Several antibiotics either alone or in combination have been reported in scientific studies to be successful in treating IBS. Treatment success, when measured by either symptom improvement or by the normalization of the hydrogen breath test, ranges from 40%-70%. When one antibiotic fails, the doctor may add another antibiotic or change to a different antibiotic. However, the doses of antibiotics, the duration of treatment, and the need for maintenance therapy to prevent recurrence of SIBO have not been adequately studied. Most physicians use standard doses of antibiotics for one to two weeks. Probiotics may be used alone, in combination with antibiotics, or for prolonged maintenance. When probiotics are used, it probably is best to use one of the several probiotics that have been studied in medical trials and shown to have an effect on the small intestine, though not necessarily in SIBO. The commonly sold probiotics in health-food stores may not be effective. Moreover, they often do not contain the bacteria stated on the labels or the bacteria are dead. The following are some treatment options:
It is the author's personal belief that for short-term (one to two weeks) treatment, antibiotics are more effective than probiotics. However, antibiotics do have certain disadvantages. Specifically, symptoms tend to recur after treatment is discontinued, and prolonged or repeated courses of treatment may be necessary in some patients. Physicians are reluctant to prescribe prolonged or repeated courses of antibiotics because of concern over long-term side effects of the antibiotics and the emergence of bacteria that are resistant to the antibiotics. Physicians have less concern over long-term side effects or the emergence of resistant bacteria with probiotics and, therefore, are more willing to prescribe probiotics repeatedly and for prolonged periods. One option is to initially treat the patient with a short course of antibiotics and then long term with probiotics. Long-term studies comparing antibiotics, probiotics, and combinations of antibiotics and probiotics are badly needed.

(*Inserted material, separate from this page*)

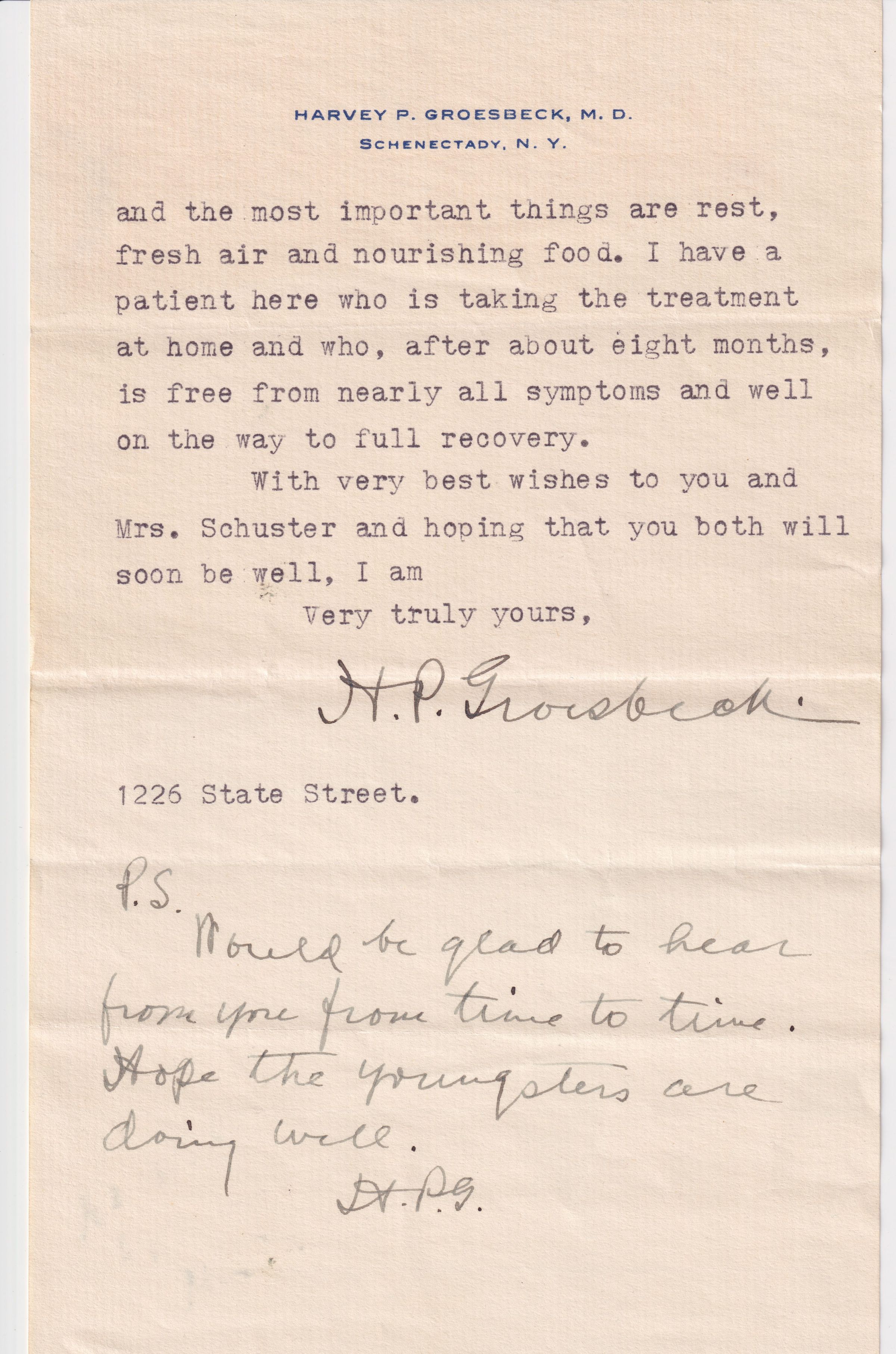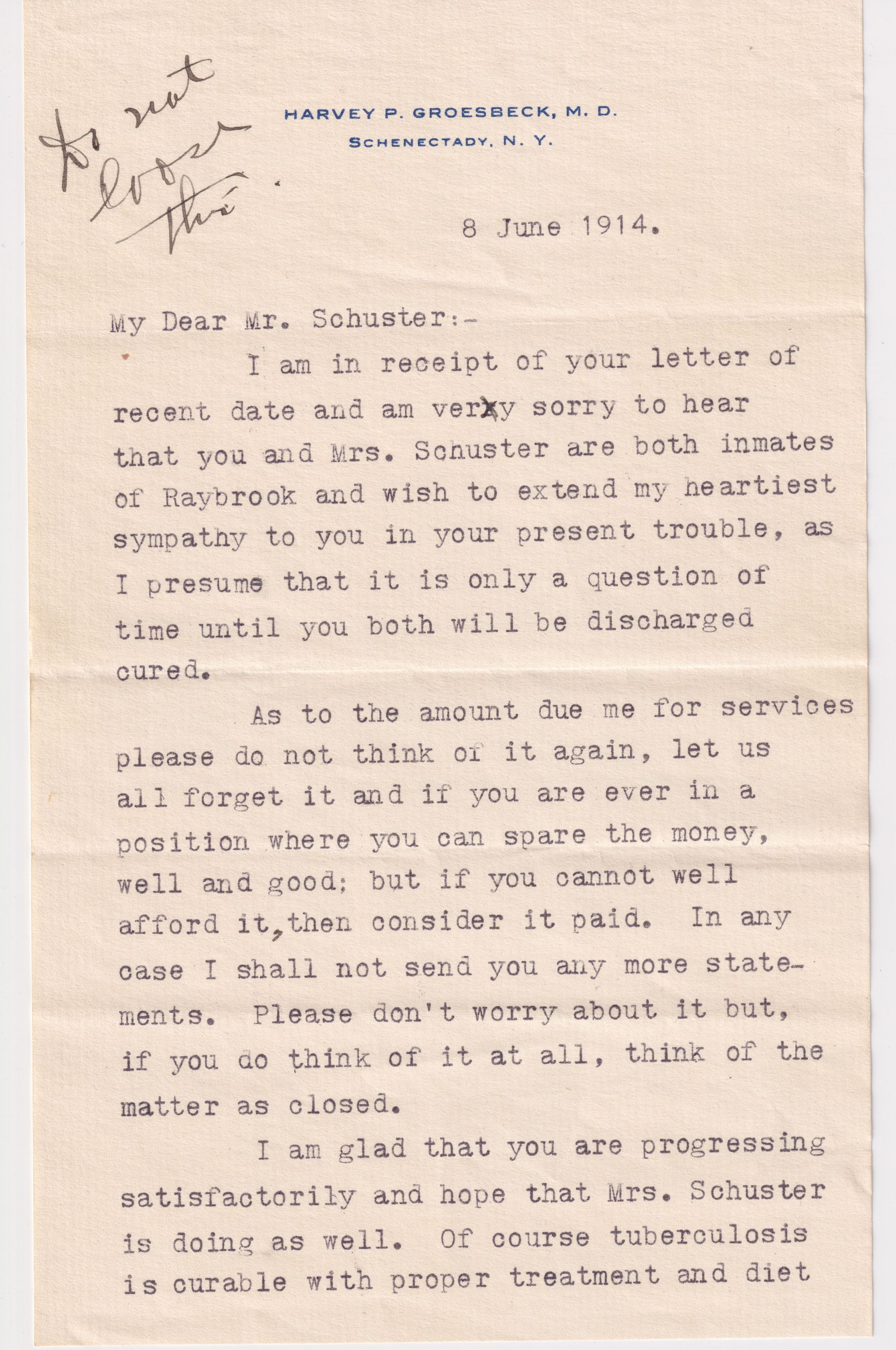 Two page typewritten letter on the letterhead of Harvey P. Groesbeck, M.D. in Schenectady, NY. It reads, "8 June, 1914. My Dear Mr. Schuster, I am in receipt of your letter of recent date and am very sorry to hear that you and Mrs. Schuster are both inmates of Raybrook and wish to extend my heartiest sympathy to you in your present trouble, as I presume that it is only a question of time until you both will be discharged cured. As to the amount due me for services please do not think of it again, let us all forget it and if you are ever in a position where you can spare the money, well and good; but if you cannot well afford it, then consider it paid. In any case I shall not send you any more statements. Please don't worry about it but, if you do think of it at all, think of the matter as closed. I am glad that you are progressing satisfactorily and hope that Mrs. Schuster is doing as well. Of course tuberculosis is curable with proper treatment and diet and the most important things are rest, fresh air and nourishing food. I have a patient here who is taking the treatment at home and who, after about eight months, is free from nearly all symptoms and well on the way to full recovery. With very best wishes to you and Mrs. Schuster and hoping that you both will soon be well, I am very truly yours, H.P. Groesbeck, 1226 State Street. P.S. Would be glad to hear from you from time to time. Hope the youngsters are doing well. H.P.G."Collection

One of the major impediments to understanding the role of SIBO in causing disease is the lack of a good test for diagnosis. In the last few years, a new technique for studying intestinal bacteria has been developed that is promising. Bacterial RNA is extracted from samples of stool and then analyzed. The DNA analysis can determine the types of bacteria present as well as their numbers. Perhaps this new technique will be useful in clarifying the importance of SIBO.